• **Task objective**
In the entries below, begin at the line that has "图4. 2007-2019年" and stop after the line that has "Προ της απολύσεως"; output those lines exactly, leaving out pictures.

• **Data section**

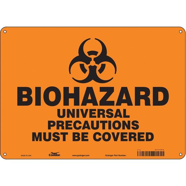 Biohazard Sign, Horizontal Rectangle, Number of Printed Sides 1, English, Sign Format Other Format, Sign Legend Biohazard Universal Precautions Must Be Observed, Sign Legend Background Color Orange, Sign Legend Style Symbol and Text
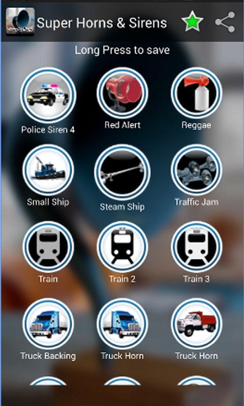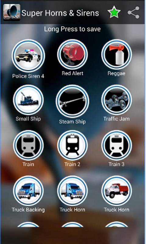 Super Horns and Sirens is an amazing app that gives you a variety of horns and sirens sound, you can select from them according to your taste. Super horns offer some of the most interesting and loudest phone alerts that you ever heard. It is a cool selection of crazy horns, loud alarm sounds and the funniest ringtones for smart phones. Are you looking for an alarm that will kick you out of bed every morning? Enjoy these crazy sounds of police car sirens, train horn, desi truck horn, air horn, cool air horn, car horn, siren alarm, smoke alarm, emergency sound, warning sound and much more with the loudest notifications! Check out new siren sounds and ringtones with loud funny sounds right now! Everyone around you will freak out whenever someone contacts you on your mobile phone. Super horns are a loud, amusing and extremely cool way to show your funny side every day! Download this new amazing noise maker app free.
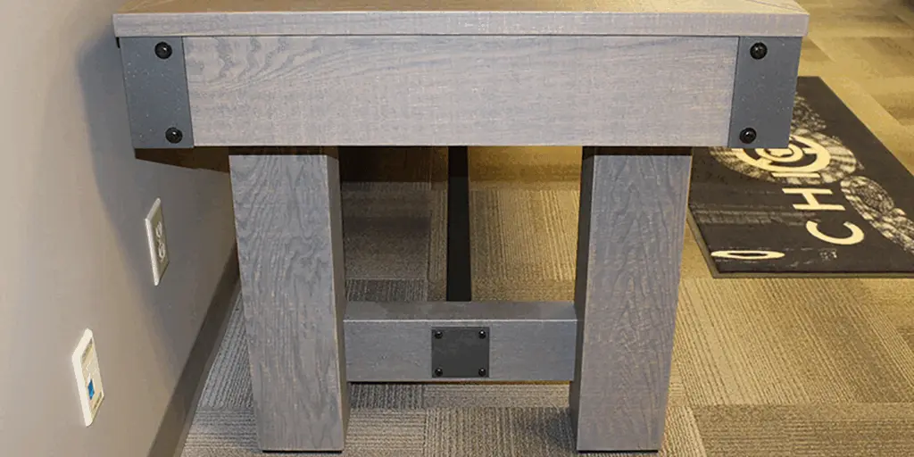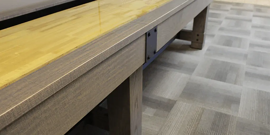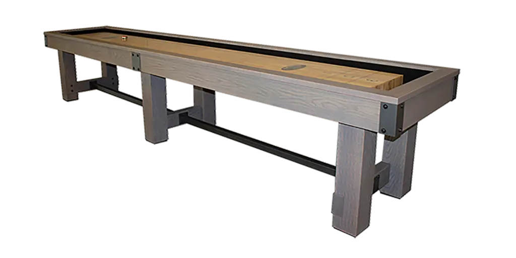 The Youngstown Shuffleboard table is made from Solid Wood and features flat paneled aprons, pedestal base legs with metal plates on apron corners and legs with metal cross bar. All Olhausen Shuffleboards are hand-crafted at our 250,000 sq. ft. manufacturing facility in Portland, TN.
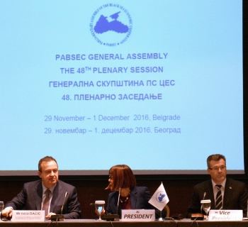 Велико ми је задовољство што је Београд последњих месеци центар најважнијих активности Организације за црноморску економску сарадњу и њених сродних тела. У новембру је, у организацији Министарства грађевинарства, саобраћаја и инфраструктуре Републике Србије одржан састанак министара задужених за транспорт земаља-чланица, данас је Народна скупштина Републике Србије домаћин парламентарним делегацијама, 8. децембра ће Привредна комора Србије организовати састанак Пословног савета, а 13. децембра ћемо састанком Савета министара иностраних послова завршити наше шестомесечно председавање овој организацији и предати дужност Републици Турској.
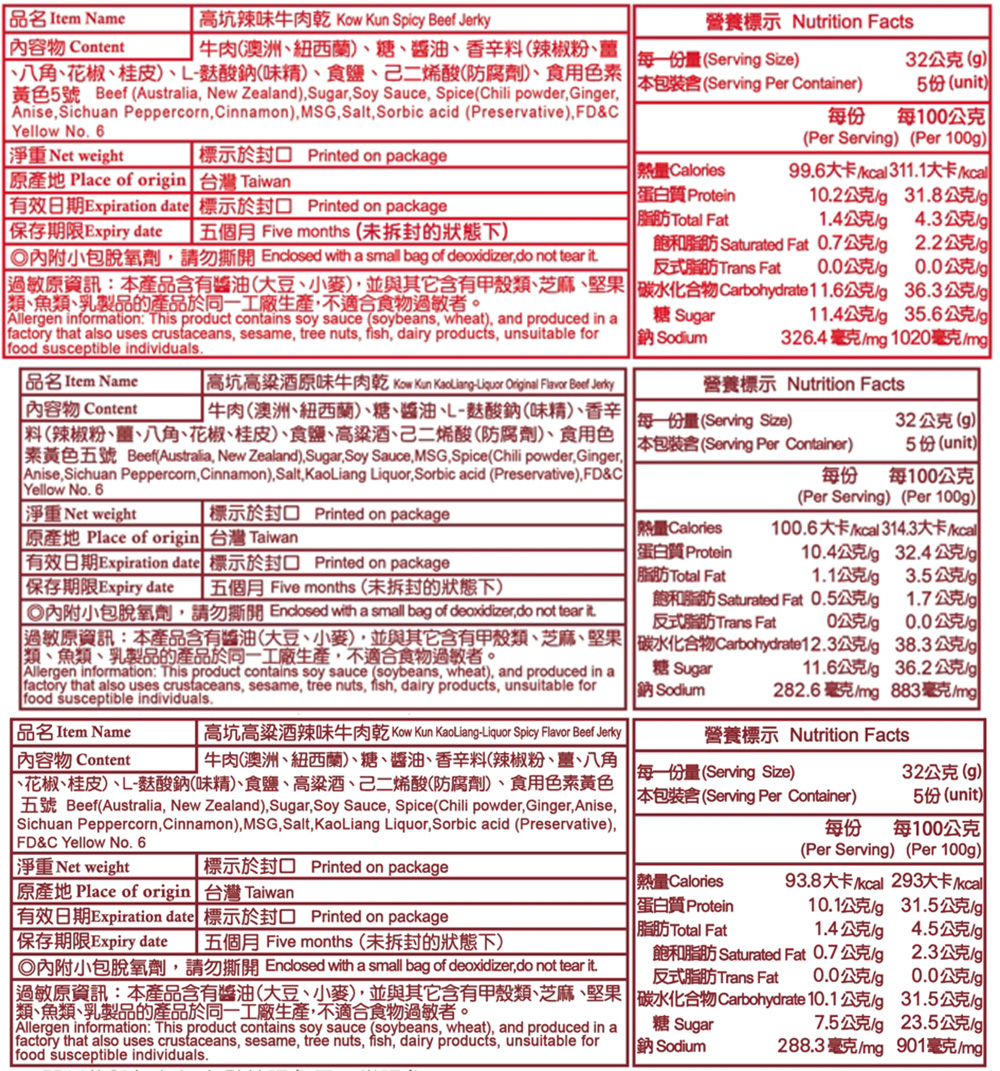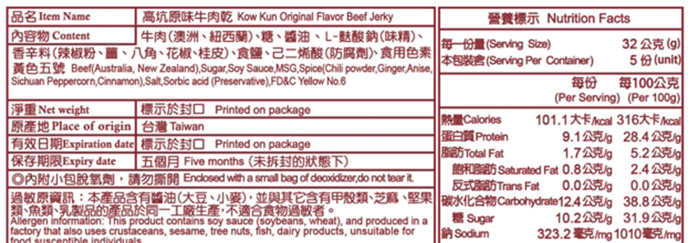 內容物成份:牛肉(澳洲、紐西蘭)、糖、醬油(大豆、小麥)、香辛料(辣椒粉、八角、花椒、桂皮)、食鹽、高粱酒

...

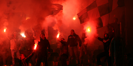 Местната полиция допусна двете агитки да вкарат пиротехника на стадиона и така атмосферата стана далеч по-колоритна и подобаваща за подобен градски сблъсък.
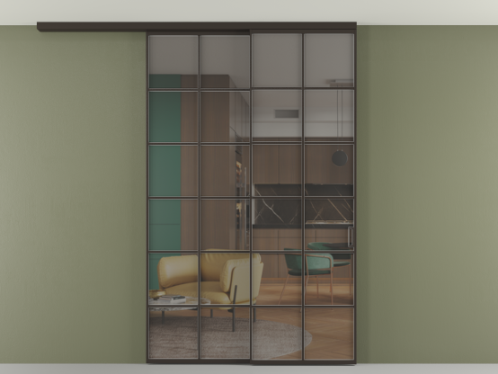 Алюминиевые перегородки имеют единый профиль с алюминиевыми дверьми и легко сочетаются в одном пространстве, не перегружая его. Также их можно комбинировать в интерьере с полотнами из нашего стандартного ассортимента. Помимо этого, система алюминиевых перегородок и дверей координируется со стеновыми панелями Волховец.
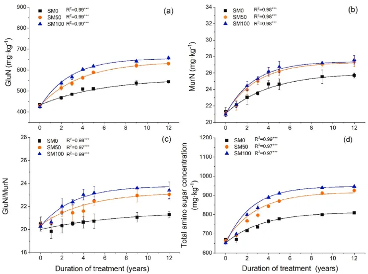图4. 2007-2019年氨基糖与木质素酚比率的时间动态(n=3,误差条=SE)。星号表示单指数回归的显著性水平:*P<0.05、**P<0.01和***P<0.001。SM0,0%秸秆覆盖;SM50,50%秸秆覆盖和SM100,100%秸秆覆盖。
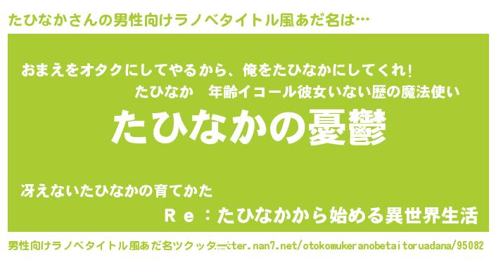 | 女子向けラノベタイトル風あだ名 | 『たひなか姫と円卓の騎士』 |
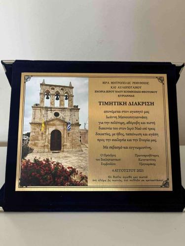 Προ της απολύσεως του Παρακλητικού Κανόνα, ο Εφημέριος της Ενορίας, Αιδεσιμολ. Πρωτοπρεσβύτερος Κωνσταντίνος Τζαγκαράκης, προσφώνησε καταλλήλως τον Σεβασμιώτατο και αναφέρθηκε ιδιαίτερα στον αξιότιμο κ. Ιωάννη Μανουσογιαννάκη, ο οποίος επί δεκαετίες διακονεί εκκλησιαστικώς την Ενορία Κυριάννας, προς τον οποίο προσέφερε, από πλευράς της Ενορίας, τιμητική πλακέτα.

• **Solution**
图4. 2007-2019年氨基糖与木质素酚比率的时间动态(n=3,误差条=SE)。星号表示单指数回归的显著性水平:*P<0.05、**P<0.01和***P<0.001。SM0,0%秸秆覆盖;SM50,50%秸秆覆盖和SM100,100%秸秆覆盖。
 | 女子向けラノベタイトル風あだ名 | 『たひなか姫と円卓の騎士』 |
 Προ της απολύσεως του Παρακλητικού Κανόνα, ο Εφημέριος της Ενορίας, Αιδεσιμολ. Πρωτοπρεσβύτερος Κωνσταντίνος Τζαγκαράκης, προσφώνησε καταλλήλως τον Σεβασμιώτατο και αναφέρθηκε ιδιαίτερα στον αξιότιμο κ. Ιωάννη Μανουσογιαννάκη, ο οποίος επί δεκαετίες διακονεί εκκλησιαστικώς την Ενορία Κυριάννας, προς τον οποίο προσέφερε, από πλευράς της Ενορίας, τιμητική πλακέτα.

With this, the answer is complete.